Life & Letters

Correspondence

About this Item

Title: Walt Whitman to Louisa Van Velsor Whitman, 29 January [1873]

Date: January 29, 1873

Source: The transcription presented here is derived from Walt Whitman, The Correspondence, ed. Edwin Haviland Miller (New York: New York University Press, 1961–1977), 2:193–194. For a description of the editorial rationale behind our treatment of the correspondence, see our statement of editorial policy.

Location: Yale Collection of American Literature, Beinecke Rare Book and Manuscript Library

Whitman Archive ID: yal.00404

Contributors to digital file: Elizabeth Lorang, Zachary King, and Eric Conrad




Wednesday afternoon
Jan 29

Dearest mother1,

I am writing this lying in bed—the doctor wishes me to keep as much in bed as possible—but I have to keep in, as I cannot move yet without great difficulty, & I am liable to dizziness & nausea, at times, on trying to move, or even sitting up—But I am certainly over the worst of it, & really—though slowly—improving. The doctor says there is no doubt of it—

Yesterday afternoon I eat something like a meal for the first time—boiled chicken, & some soup with bread broken up in it—relished it well—I still have many callers—only a few particular ones are admitted to see me—Mrs. O'Connor2 comes & a young woman named Mary Cole3—Mrs. Ashton has sent for me to be brought to her house, to be taken care of—of course I do not accept her offer—they live in grand style & I should be more bothered than benefitted by their refinements & luxuries, servants, &c4

Mother, I want you to know truly, that I do not want for any thing—as to all the little extra fixings & superfluities, I never did care for them in health, & they only annoy me in sickness—I have a good bed—a fire—as much grub as I wish & whatever I wish—& two or three good friends here—So I want you to not feel at all uneasy—as I write, Peter Doyle5 is sitting by the window reading—he & Charles Eldridge6 regularly come in & do whatever I want, & are both very helpful to me—one comes day time, & one evening—I had a good night's sleep last night—My mind is just as clear as ever—& has been all the time—(I have not been at all down hearted either)—(My January pay is due me, & as soon as I get up, I shall forward you your $20.)7

Dear sister Lou,8

Your letter came this morning & was very pleasant to get it—I shall be getting well soon—am on a fair way to it now—

latest ½ past 4

I have just set up & had my bed made by Pete—I am already beginning to feel something like myself—will write in 2 days—


Notes:

1. Louisa Van Velsor Whitman (1795–1873) married Walter Whitman, Sr., in 1816; together they had nine children, of whom Walt was the second.

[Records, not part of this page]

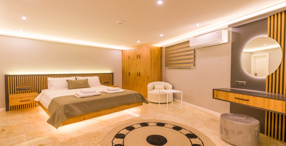 2. Yatak Odası : Bir adet çift kişilik yatak ,klima, komodin, elbise dolabı, makyaj masası, banyo ve tuvalet bulunmaktadır.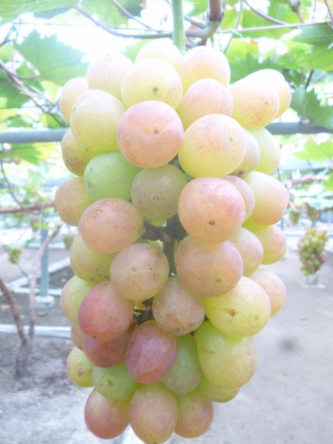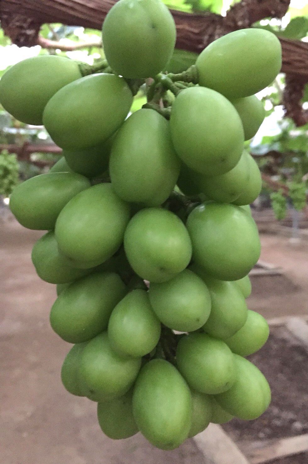 シャインマスカットの血を引くこれから期待のぶどうです。大粒で、皮は薄く糖度はシャインマスカットぐらいあります。岡山県内でも栽培数が少ないぶどうです。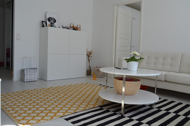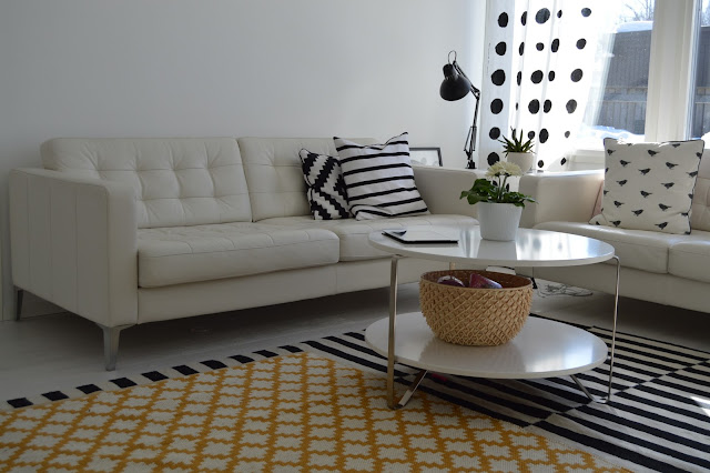 Oon pikkasen kriiseillyt tuon keltaisen Pandoran kanssa. Ei meinaa millään asettua mihinkään huoneeseen. On liian värikäs tai jotain. Emmäätiiä. Sanna Matildan uusi mustavalkoinen Pandora näytti tosi kivalle tuon samaisen Randin päällä, joten kokeilimpa samaa tyyliä itsekkin. Ihan hyvä tuli. Mattoala lattialla kasvoi, mikä on tervetullutta. Jos vaikka sen mustankin maton joskus jostain superalesta kotiin kiikuttaisi.

The close relationship between Louisa and her son Walt contributed to his liberal view of gender representation and his sense of comradeship. For more information on Louisa Van Velsor Whitman, see "Whitman, Louisa Van Velsor (1795–1873)." [back]

2. Despite the gravity of Walt Whitman's condition, William O'Connor did not visit him: the breach between the two men was deep. [back]

3. Mary Cole was listed in the Directories as a clerk in the Internal Revenue Department. Perhaps she was the sister of George D. Cole, a former conductor and a friend of Doyle, who wrote to Walt Whitman, probably in the early 1870's, after he had become a sailor (Yale). Clara Barrus mentions May Cole, a friend of Ellen O'Connor, who later married Dr. Frank Baker of the Smithsonian Institute (Whitman and Burroughs—Comrades, [Boston: Houghton Mifflin, 1931].) [back]

4. In June, however, Walt Whitman consented to stay with the Ashtons for about ten days; in his June 9 (?), 1873 letter to Peter Doyle, Whitman asked Doyle to visit him there. [back]

5. On January 30, 1873, Louisa Van Velsor Whitman wrote: "i thought of peter. i knew if it was in his power to be with you he would and cherefully doo everything that he could for you." [back]

6. Charles W. Eldridge (1837–1903) was one half of the Boston-based abolitionist publishing firm Thayer and Eldridge, who issued the 1860 edition of Leaves of Grass. In December 1862, on his way to find his injured brother George in Fredericksburg, Virginia, Walt Whitman stopped in Washington and encountered Eldridge, who had become a clerk in the office of the army paymaster, Major Lyman Hapgood. Eldridge eventually obtained a desk for Whitman in Hapgood's office. For more on Whitman's relationship with Thayer and Eldridge, see David Breckenridge Donlon, "Thayer, William Wilde (1829–1896) and Charles W. Eldridge (1837–1903)." [back]

7. Walt Whitman paid for Ed's board, $15 a month, and sent additional money to his mother. [back]

8. George's wife. [back]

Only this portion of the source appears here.